Money has been replaced numerous times in different forms in history, which does not prevent people from continuing to use it. It’s simple: if a currency loses value and the market no longer holds its value, change it. I believe that in the future the mainstream should be some kind of optimal currency. But the currency is not necessarily permanent.

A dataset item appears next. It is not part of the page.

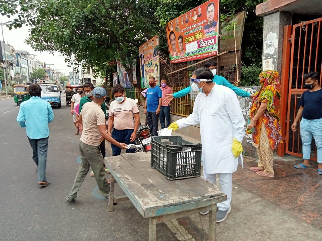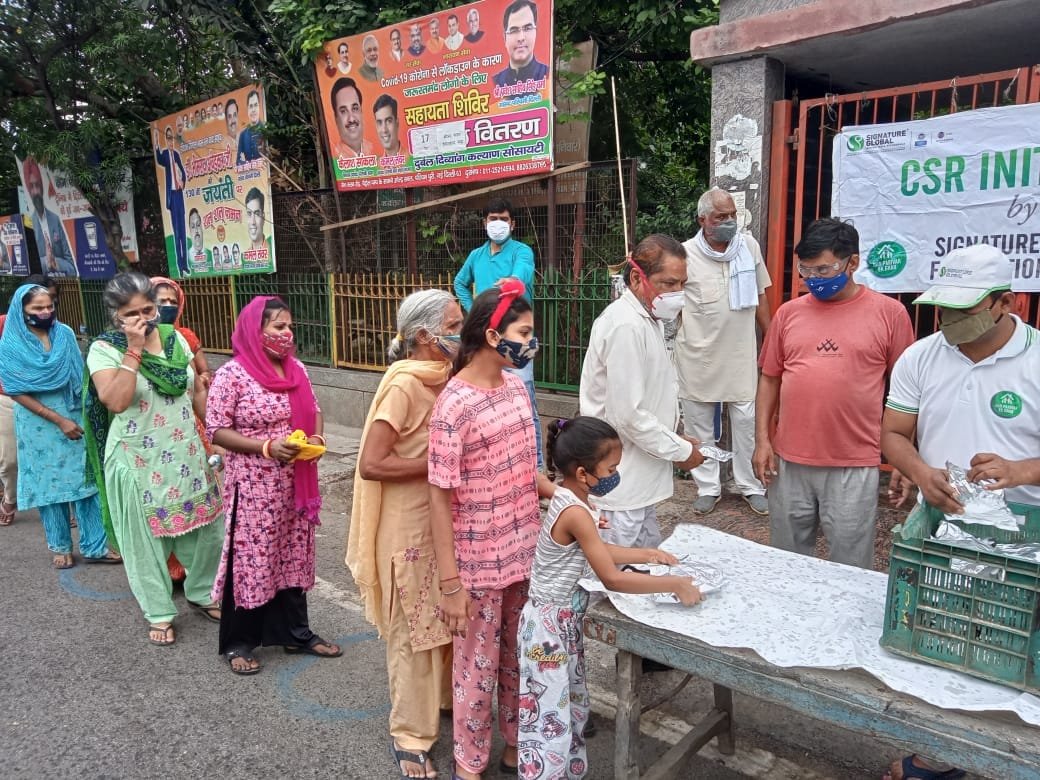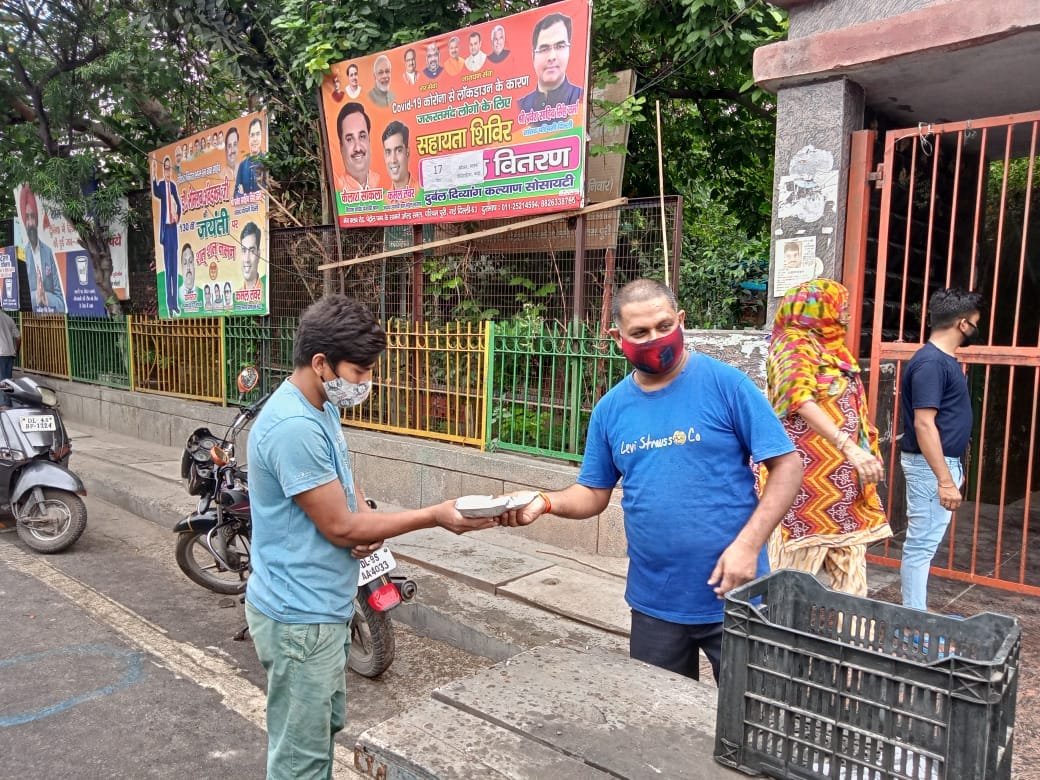 आज दिनांक 18 मई 2021 को कोरोना संकट काल लॉकडाउन पार्ट - 2 में दुर्बल दिव्यांग कल्याण सोसायटी के तत्वाधान में पंजाबी बाग क्लब रोड पेट्रोल पंप के सामने सेवा कार्यालय पर एवं झुग्गी सेवा बस्ती कैंपों में दिहाड़ी मजदूरों, दिव्यांग व्यक्तियों, सीनियर सिटीजन एवं कोरोना से पीड़ित परिवारों, जरूरतमंद लोगों को हाईजैनिक तरीके से तैयार किए गए भोजन एवं सुखा राशन, मास्क तथा सैनिटाइजर वितरण किए गए ।
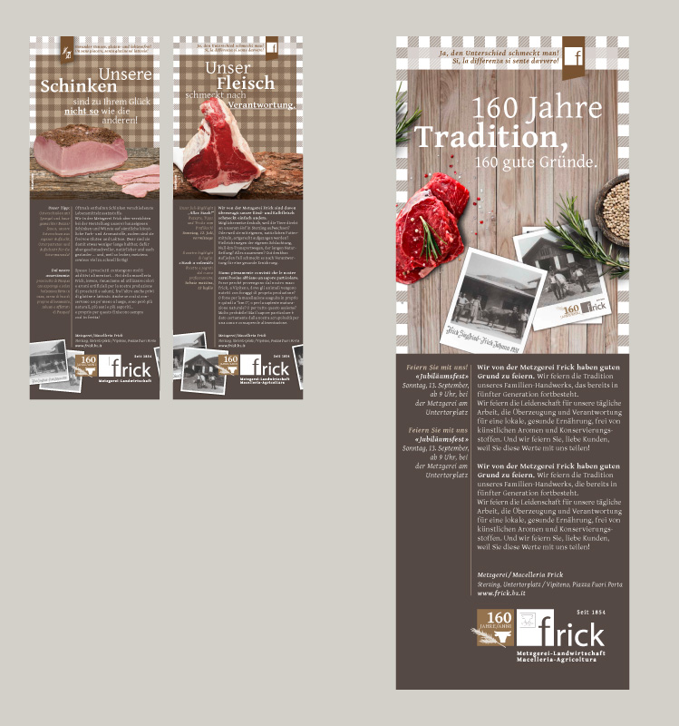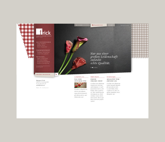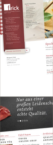 FRISCHE IDENTITÄT. Die Anforderung an den Internetauftritt für die Fleischerei Frick war die Hervorhebung der Qualitätsprodukte, gemischt mit der Persönlichkeit des traditionsreichen Familien-Betriebs. Konzeptfotografie und die charakteristische Karooptik aus dem Corporate Design stellen die weiteren Besonderheiten dar. Der integrierte Online-Shop ist zudem ein für die Frischebranche eher seltener, und deshalb von den Kunden umso höher geschätzter Mehrwert der Website.

It can be replaced in form, such as bitcoin to replace gold and paper money, no problem. However, it cannot be the same form of inter-currency substitution, such as ETH or LTC replacing Bitcoin, because this is determined by the nature of cryptocurrencies. That is, it can be a next-generation currency situation like cryptocurrency replacing a next-generation currency situation like paper money, not a next-generation currency situation like LTC replacing a next-generation currency situation like BTC.

It’s not impossible to replace Bitcoin, but not in the form of cryptocurrency, but in a more advanced form that is not currently imagined or invented by the current generation of cryptocurrencies, perhaps decades or even centuries from now.

Netizens refuted: BTC in the final analysis or continue to PoW irreversible ledger, you can not guarantee that the future is not better realization. Fiat money based on government debt is never guaranteed to be replaced.

Pow essentially contains a basic philosophical concept: no pain, no gain. I personally think this is a universal principle, a fundamental law of the universe. So the POW that conforms to this principle is the most reasonable and will go to the end. Other POS and DPOS I don’t think will go far and will fail or at least shrink dramatically.

For a more detailed explanation, see my Weibo: https://weibo.com/1682192950/Fuq1yDHQy?type=comment https://weibo.com/1682192950/FpnZag4bT?type=comment

The above explanation is why 97% of my assets are in BCH. In the end, this global redistribution of wealth will be a bust for you if you are long and heavy in other currencies.